Expected default metadata is H.264 video at 1920x1080 and 30/1 frame rate.

Sharing And Install

To share this skill, publish the repository to GitHub with SKILL.md at the repo root. Tell users they can ask Codex to install it from the GitHub URL, or manually clone it into ${CODEX_HOME:-$HOME/.codex}/skills/web-scroll-video, then restart Codex.

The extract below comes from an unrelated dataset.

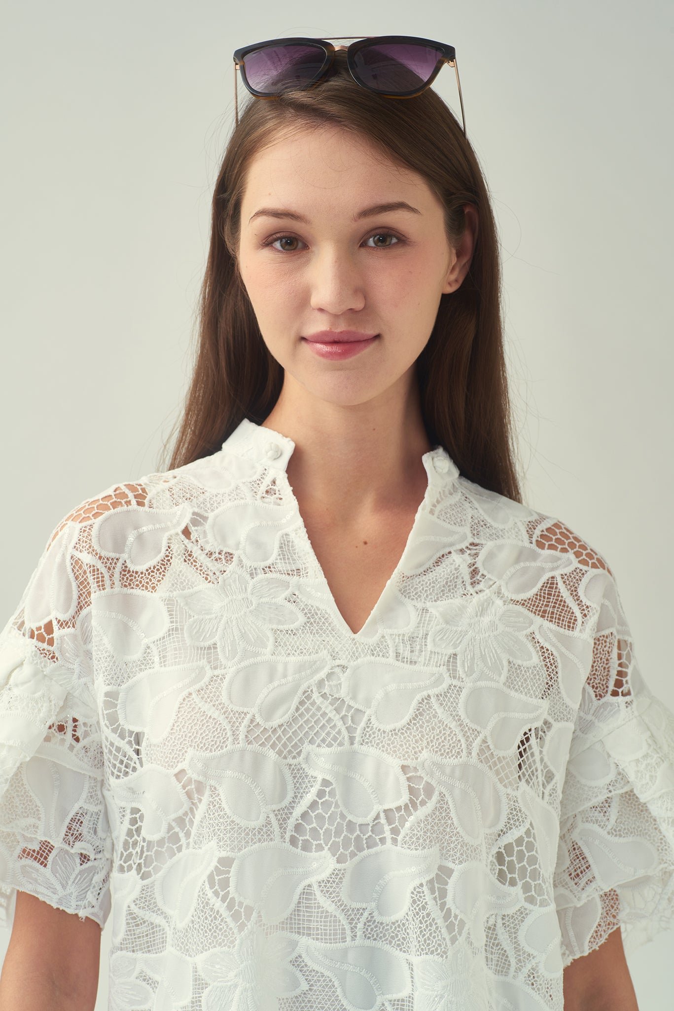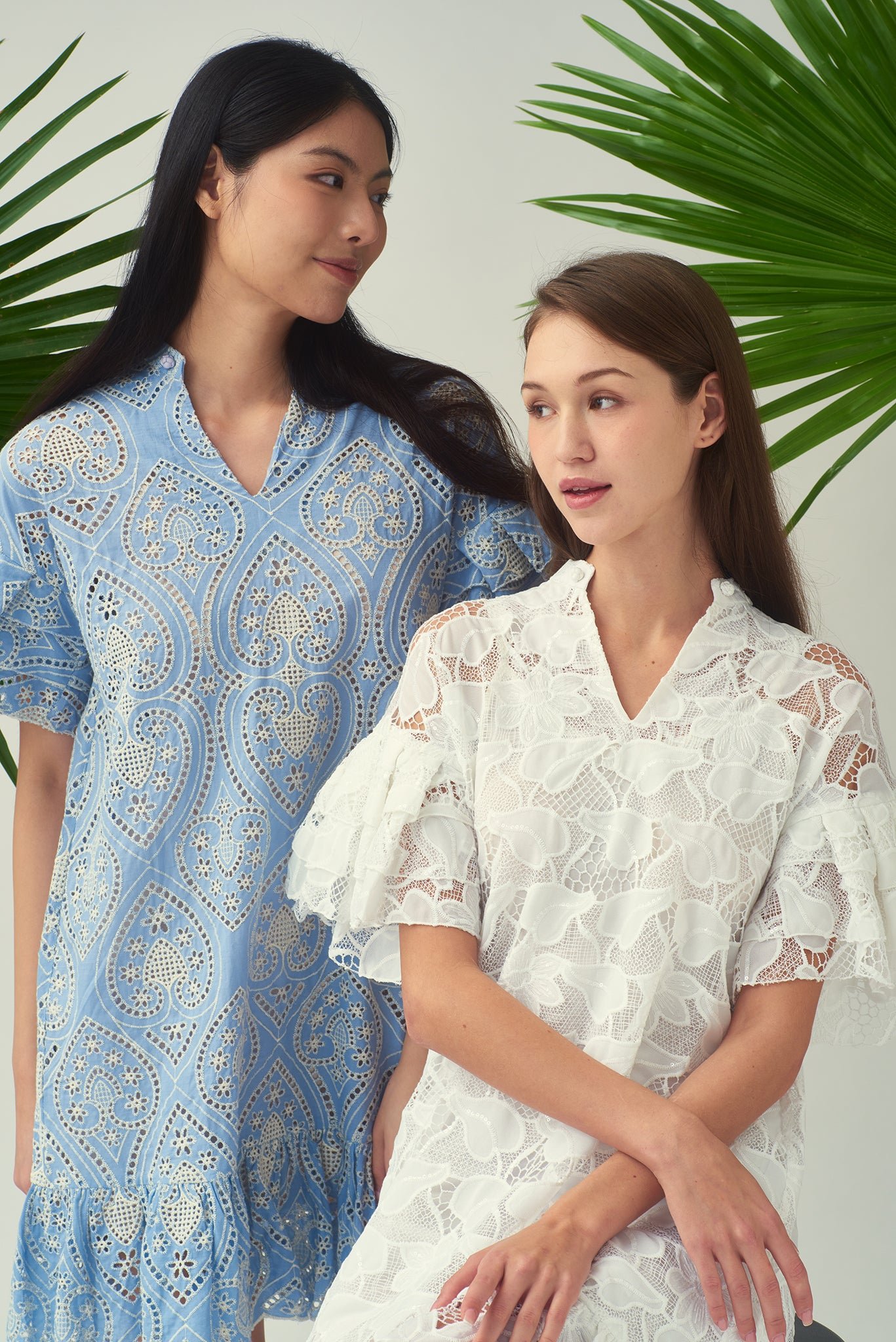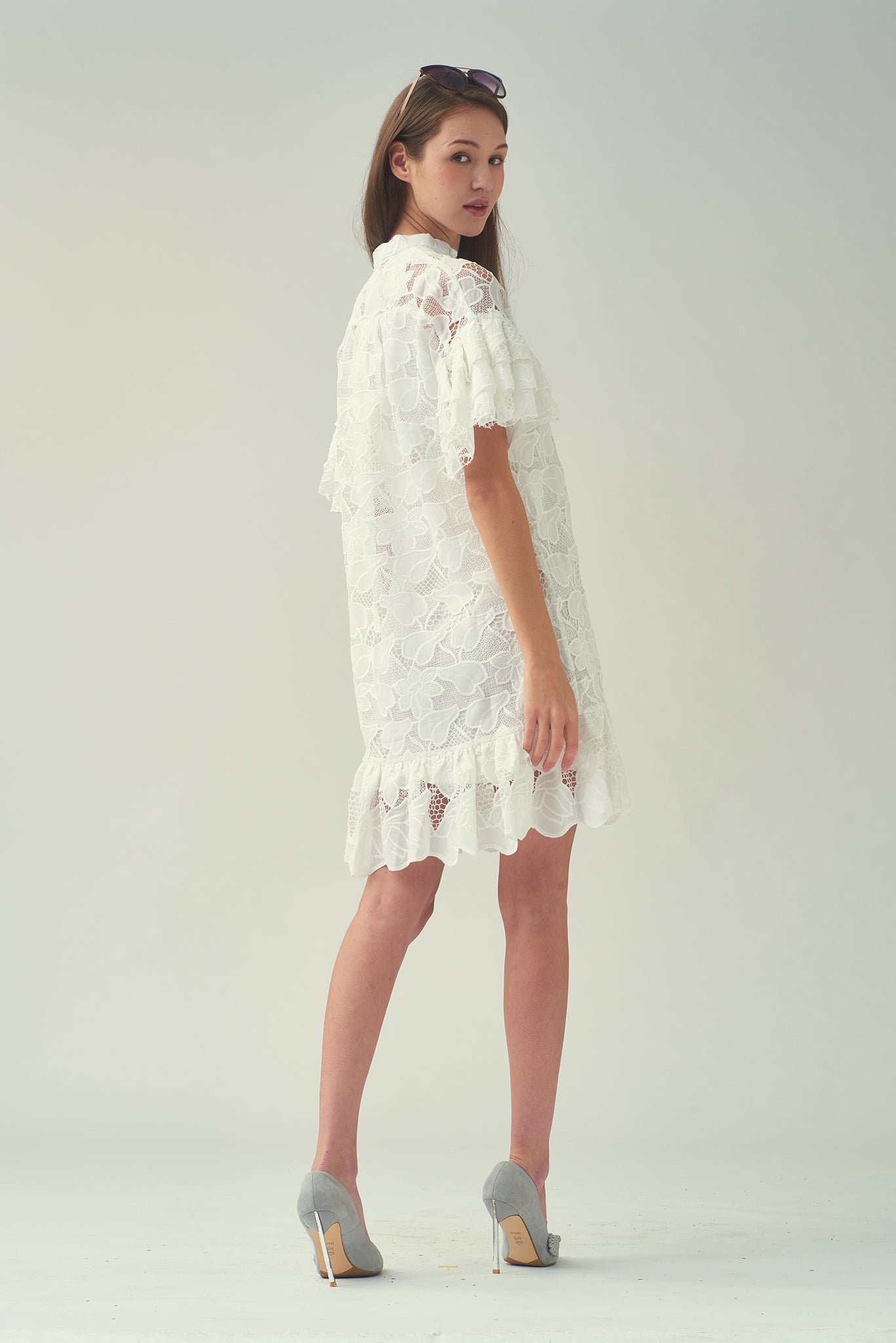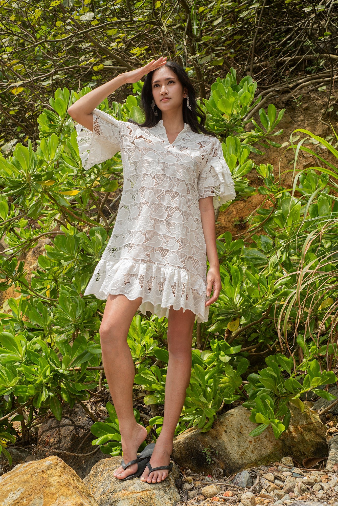探索我們這款亮片白色蕾絲洋裝的舒適與精緻。內搭奢華絲質吊帶裙 .帶來絲滑觸感。寬鬆的版型和A字廓形 .輕鬆修飾您的身材。 V領設計更添魅力 .領口的中國結紐扣更添迷人點綴。層疊的荷葉邊垂袖和荷葉邊下擺 .更添俏皮柔美 .為這套迷人套裝錦上添花。

If using the skill installer helper directly:

python3 "${CODEX_HOME:-$HOME/.codex}/skills/.system/skill-installer/scripts/install-skill-from-github.py" \
  --repo <owner>/<repo> \
  --path . \
  --name web-scroll-video

Capture Options

Prefer these controls:

  • --out <path> to set the MP4 file path.
  • --width 1920 --height 1080 for 1080p landscape output.
  • --fps 30 for normal video output.
  • --speed <px/sec> for a fixed CSS-pixel scroll rate.
  • --duration <seconds> when the user wants the full page scroll to fit a fixed length.
  • --script <path> when the user wants pauses, clicks, typing, zooms, highlights, or a producer-directed sequence.
  • --cursor or cursor: on when the user wants a visible cursor. Keep cursor off by default.
  • --storyboard <dir> when the user wants one PNG checkpoint after each cue step. Do not create storyboards by default.
  • --delay <ms> when page content needs more time after load.
  • --warmup-step <px> when lazy-loaded content needs smaller pre-scroll increments.
  • --chrome-path <path> or CHROME_PATH when Chrome is not auto-detected.
  • --ffmpeg-path <path> or FFMPEG_PATH when ffmpeg is not on PATH.

Operational Notes

  • The tool launches headless Chrome with a temporary profile and DevTools on 127.0.0.1.
  • In sandboxed environments, rerun with approval if local port binding or live URL access is blocked.
  • In Docker, Chromium may fail with namespace or sandbox errors. Prefer a normal VM for install testing; for Docker-only smoke tests, use a wrapper that launches Chromium with --no-sandbox and pass it via --chrome-path.
  • Output MP4 files are ignored by git. Leave generated videos in the working tree unless the user asks to remove them.
  • For cue-driven videos, keep the .cue and .mp4 in the same folder. Prefer cues/<name>.cue and either omit out: or use out: <name>.mp4.
  • One-shot scroll capture is deterministic: it captures fixed scroll positions and pipes PNG frames to ffmpeg.
  • Cue-sheet mode captures timed frames for pauses and interactions so page animations can continue during pauses.
  • If a cue step fails, inspect and mention <output>.error.json and <output>.error.png; they contain the failure message and current-page screenshot.

Cue Sheet Guidance

Prefer .cue text for humans and JSON only for generated or programmatic workflows. Use sequence style, not absolute timestamps.

Supported .cue actions:

go https://example.com
pause 1.5
scroll to bottom over 5
scroll to 1800 over 4
scroll to "Visible text" over 4
scroll by 800 over 2
click "Visible text"
click selector ".button-class"
type "search terms" into "Search"
press Enter
wait text "Results" timeout 10
zoom to 1.2 over 1
highlight "Important text" for 1.5

When translating plain English, make reasonable timing choices, then render and validate. If an interaction target fails, revise the cue to use a clearer visible label or selector and rerun.